The table uses offsetof() for types with trailing variable-length
fields (filenames, strings, msg arrays) and sizeof() for
fixed-size types. Zero entries mean no minimum beyond the 8-byte
header already enforced by the reader.
Undersized events are skipped with a warning in process_event
and rejected in peek_event — both checked before the swap
handler runs, preventing OOB access on crafted event fields.
Also reject events whose header.size is not 8-byte aligned. The
kernel aligns all event sizes to sizeof(u64) — see
perf_event_comm_event() (ALIGN), perf_event_mmap_event(),
perf_event_cgroup(), perf_event_ksymbol() (IS_ALIGNED loops),
and perf_event_text_poke() (ALIGN) in kernel/events/core.c.
An unaligned size means the file is corrupted or crafted; reject
early so downstream code that divides by sizeof(u64) to compute
array element counts gets exact results.
Three legacy user events are exempted from the alignment check:
TRACING_DATA (66) had a 12-byte struct before commit b39c915a4f36
("libperf event: Ensure tracing data is multiple of 8 sized")
added padding, COMPRESSED (81) carries raw ZSTD output (already
superseded by COMPRESSED2 with PERF_ALIGN), and HEADER_FEATURE
(80) uses do_write_string() with a 4-byte length prefix.

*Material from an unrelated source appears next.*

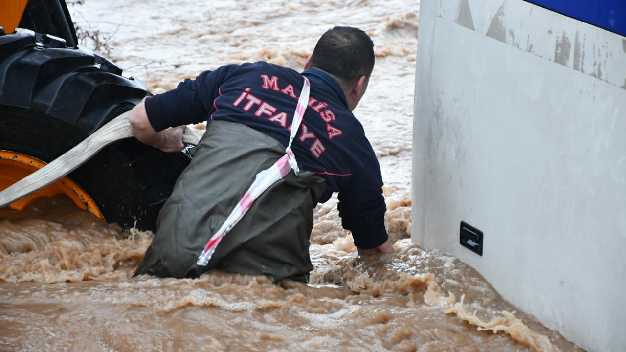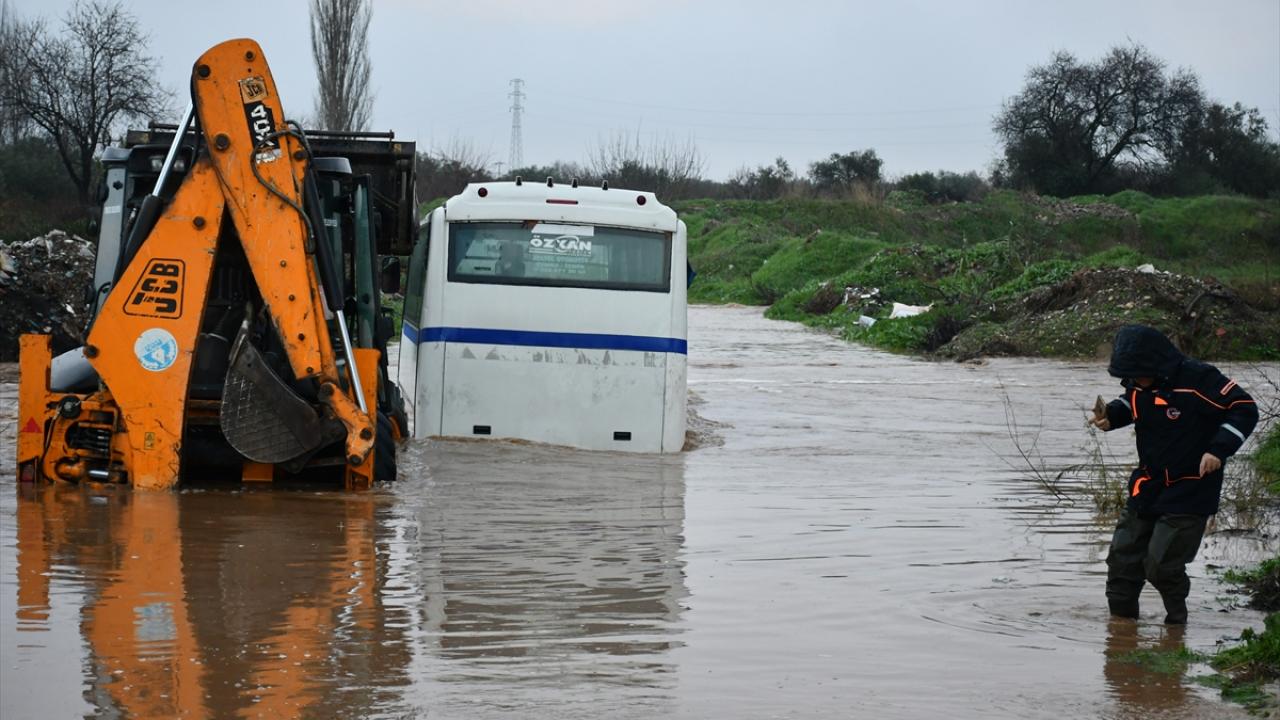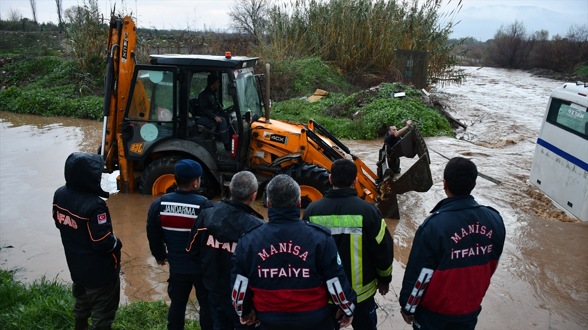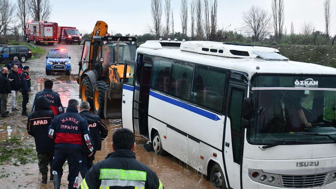 Manisa'nın Turgutlu ilçesinde etkili olan sağanak nedeniyle debisi yükselen Karacaali Deresi'nde mahsur kalan midibüsteki 18 kişi, itfaiye ekiplerinin müdahalesiyle kurtarıldı.

Also guard event_swap() against crafted event types >=
PERF_RECORD_HEADER_MAX to prevent OOB reads on the
perf_event__swap_ops[] array.
Changes in v2:
- Fix double-skip for unsupported event types: return 0 instead
of event->header.size in perf_session__process_event() for
HEADER_MAX, since reader__read_event() already advances by
event->header.size (Reported-by: sashiko-bot@kernel.org)
- Exempt TRACING_DATA, COMPRESSED, and HEADER_FEATURE from the
alignment check — these legacy user events predate the 8-byte
alignment rule (Reported-by: sashiko-bot@kernel.org)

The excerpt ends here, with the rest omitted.